BY DOMINIC WIGHTMAN
Jimmy Carter died on the 29th of December. A century old. The press fêted him, especially the left flank of the mainstream media. Now that the obligatory 72 hours have passed, it’s fair to speak plainly. Carter runs Biden close for the title of worst modern American president. I saw the actions of his ‘philanthropic’ arm firsthand in the Philippines—sinister, appalling. But Carter’s sins aren’t the whole of this story.
What stays with me isn’t Carter’s mixed legacy, but the perspective of the aged. A hundred years is a span of time most of us can’t grasp. I’ve always wondered what centenarians think of their lives. Not the surface stuff — “I enjoy a bite of chocolate or a sip of whisky.” That sort of fluff titillates BBC local news, but it doesn’t linger. What intrigues me is the deeper view:
Why do they think they’ve lasted so long? What does life mean after such a stretch? And what of death, having seen so much of it?

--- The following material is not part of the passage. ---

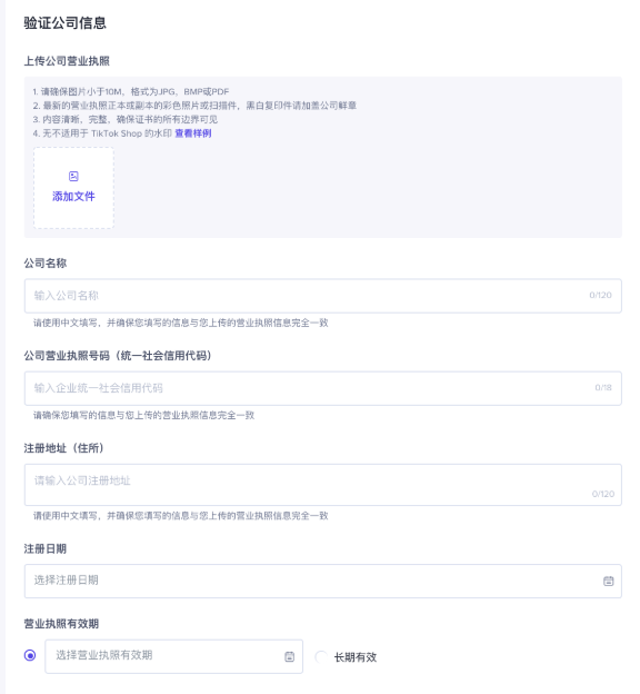 1)上传公司营业执照请注意:确保你上传的营业执照信息是清晰彩色照片,如上传黑白复印件需加盖公司公章。2)公司名称3)公司营业执照号码4)注册地址5)注册日期6)营业执照有效期中国香港资质

A few years ago, I sat on a low stone wall overlooking a Cornish beach. My children swam in the sea below. (I prefer to watch the sea, not swim in it.) Beside me was an old man—a nonagenarian. I struck up a conversation with him. Always talk to your elders. The best we can do is listen and learn from those who’ve walked ahead.
He’d been a professor in the humanities at a well-respected university in the Southwest and was told not long before that he had no more than a year to live. Congestive heart failure. (I looked him up later; he died in 2022, four months or so after we spoke.)
He talked, and I listened.
Some things he said stayed with me, sharp enough to jot in my commonplace book. Ninety years on this earth had distilled his thoughts to their essence.

Here’s what I jotted down from that day perched on that wall:
On the Nature of the World:
“The world is grander and crueller than you can imagine. Its beauty will take your breath away, and its indifference will break your heart. Accept both without bitterness, and you’ll live well enough.”
On Death:
“I’ve watched death come for friends, enemies, strangers, and loved ones. It’s as ordinary as sunrise. Don’t fear it. Just make your life worthy of the leaving.”
On Time:
“Time is precious. It slips through your fingers like water, faster and faster. Hold it too tightly, and you’ll lose its flow. Waste it, and it’s gone for good.”
On Love:
“Love is life’s greatest risk and its only true reward. Every heartache I’ve had was worth it for the love I knew. To love is to live fully.”
On Change:
“Change is constant. Resisting it is like fighting the tide. Better to ride the waves and see where they take you.”
On Mistakes:
“Mistakes teach us humility. The only real failure is not learning from them or letting them define you.”
On Gratitude:
“Gratitude is the antidote to entitlement. Count your blessings—not because they’re rare, but because they’re fleeting.”
On Humanity:
“Humans are marvels of kindness and cruelty. Forgive them, not because they deserve it, but because hate only burns you.”
What kind of man was the professor?
He spoke with the calm of a fellow who had seen the folly of idealism and cynicism alike. As he talked, the waves lapped below as they do today. His words were simple, but they had weight.
I suppose time does that. It grinds away the excess, leaving truths polished smooth. Maybe Carter reached a similar kind of stasis. For such thoughts aren’t impossible to grasp when you’re young, but they take on meaning when spoken by someone who has lived long enough to test them against life’s anvil.
How interesting that Life seems short, even at ninety years long.
Dominic Wightman is the Editor of Country Squire Magazine, works in finance, and is the author of five and a half books.